▸ **INFORMATION SUPPLIED**:
*** Block opens ***

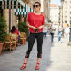 Leggings Capri Rosa roja sobre floral negro
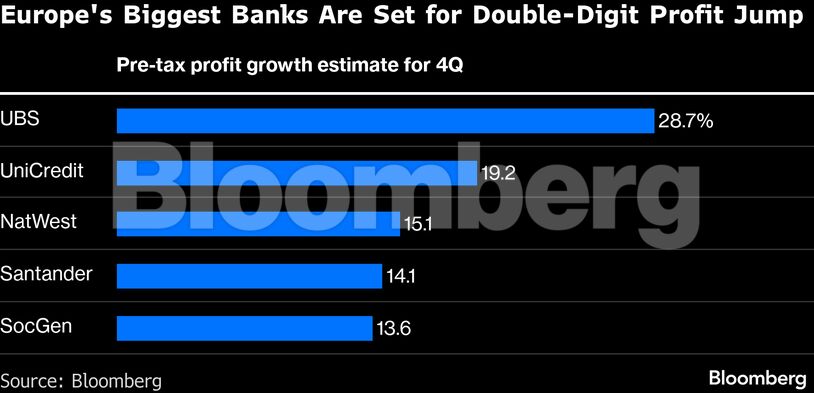 Θετικά κινείται και ο δανεισμός. Η βελτίωση των καθαρών εσόδων από τόκους αναμένεται να ενισχύσει τα κέρδη από χορηγήσεις στην Intesa Sanpaolo, αλλά και στη βρετανική Lloyds, η οποία εκτιμάται ότι θα υπερδιπλασιάσει τα προ φόρων κέρδη της το τέταρτο τρίμηνο. Στην Ισπανία, η CaixaBank ενδέχεται ακόμη και να αναθεωρήσει ανοδικά τον στόχο για τα καθαρά έσοδα από τόκους, καθώς η εγχώρια οικονομία αναπτύσσεται με δυναμικούς ρυθμούς.
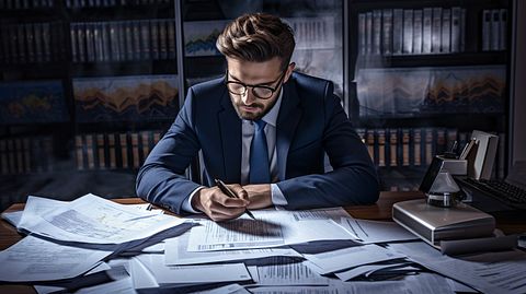 An investor in a business suit surrounded by financial documents, research and graphs.

*** Block closes ***

▸ **TASK STATEMENT**:
Quote the material word for word, dropping any images it holds.

▸ **RESULT OF THE TASK**:
 Leggings Capri Rosa roja sobre floral negro
 Θετικά κινείται και ο δανεισμός. Η βελτίωση των καθαρών εσόδων από τόκους αναμένεται να ενισχύσει τα κέρδη από χορηγήσεις στην Intesa Sanpaolo, αλλά και στη βρετανική Lloyds, η οποία εκτιμάται ότι θα υπερδιπλασιάσει τα προ φόρων κέρδη της το τέταρτο τρίμηνο. Στην Ισπανία, η CaixaBank ενδέχεται ακόμη και να αναθεωρήσει ανοδικά τον στόχο για τα καθαρά έσοδα από τόκους, καθώς η εγχώρια οικονομία αναπτύσσεται με δυναμικούς ρυθμούς.
 An investor in a business suit surrounded by financial documents, research and graphs.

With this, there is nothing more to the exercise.